Si verifica, per tale motivo, che la società civile è permeata da lobby di potere che decidono quali debbano essere i soggetti che la governano.  Molti interessi economici scaturiscono da tale modo di dominare la realtà, nei  campi più svariati.  

Quando si parla di raccomandazione, termine molto in uso, si parla di uno dei modi più comuni mediante 0cui si esprime la mentalità mafiosa.  

Non si può non riconoscere che la mafia vive, innanzitutto, nel cuore umano, altrimenti non si esprimerebbe nella realtà. Essa è alimentata dall’ignoranza, dal  pregiudizio, dalla stupidità e da quel falso e deleterio concetto di potere. C’è da chiedersi se un mondo migliore è possibile? Senz’altro: impegnandosi per l’affermazione della democrazia .  

La mafia, difatti, in quanto alimentata dalla violenza, espressa materialmente oppure moralmente, è l’antidemocrazia per eccellenza. La democrazia è foriera di pace sociale e di amore sociale, nonché di crescita e sviluppo armonioso della società. Si può, mediante la diffusione di una cultura parallela, che affermi la democrazia, creare un’alternativa di governo della realtà. Questo dipende,  non vi è dubbio, dalla lealtà di quanti a tale impegno si accingono.  
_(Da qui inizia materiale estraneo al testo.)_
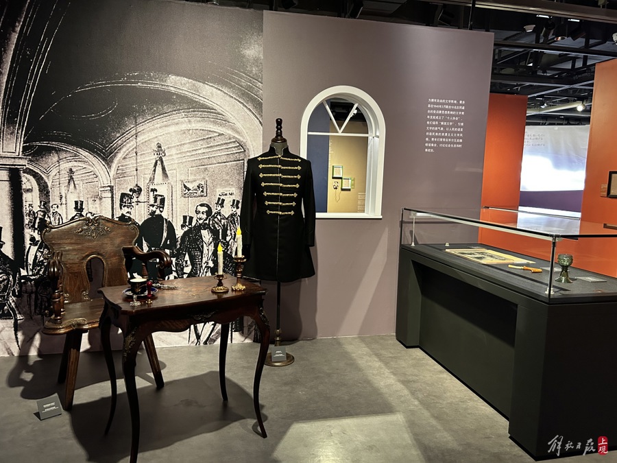展览还原了毕尔瓦兹咖啡馆的场景。这里是裴多菲和他的青年朋友们聚会、讨论时政的地方。他们在此成立“十人协会”,倡导文学新气象,并酝酿了佩斯起义。正是在毕尔瓦兹咖啡馆,裴多菲首次朗诵呼唤革命风暴的著名诗篇《民族之歌》,发出“匈牙利人自由的第一声怒吼”。这份珍贵的《民族之歌》手稿漂洋过海来到上海。一旁的玻璃柜里,还有裴多菲生前使用过的酒杯、烟斗等物品。

Bisogna tenere in considerazione che la concezione mafiosa della vita, ossia la ghettizzazione della realtà,  non ne ha determinato l’espressione delle sue reali potenzialità, tenendola ferma nel regresso.  
Da tale mentalità è proliferata la povertà, di cui, attualmente, si raccolgono i risultati deleteri.   Tuttavia, il terzo millennio, che può definirsi l’epoca della verità, con l’acuirsi della povertà nelle sue forme più  estreme, ha posto in luce una necessità impellente, quella di  lottare per  l’inclusione, pena il decadimento definitivo ed irreparabile nell’indigenza,  facendo esprimere le diversità, ossia ogni essere umano in ogni contesto. L’impegno è di carattere morale e culturale.   

Autentiche frane si sono aperte nel tessuto socio-economico di ogni Stato ed altre si apriranno, che fanno emergere che non è questa forma di potere, ossia quello mafioso, quello capace di reggere la crescita ed il benessere dei popoli.  

E’ qui che emerge una verità storica, che la storia la fanno gli uomini, tutti gli uomini, soprattutto quelli che amano il proprio universo e chi lo abita, ossia l’essere umano. Noi che ci occupiamo di comunicazione  dobbiamo accogliere l’appello che tanta miseria economica ed insieme morale rivolge alle nostre coscienze.  

Dobbiamo, perciò, veicolare nuovi contenuti che pongono al centro il valore sacro di ogni individuo, che insieme agli altri individui, dà vita alla democrazia,  unica forma di potere che può governare la realtà e farla crescere, perché fondata sull’amore per il prossimo, sul valore della dignità umana e perché  sa discernere l’economia che si dirige verso l’altruismo da quella impoverente che si fonda sull’egoismo, ossia sul potere di pochi, accecati dall’odio e dall’amore per il  potere fine a se stesso.  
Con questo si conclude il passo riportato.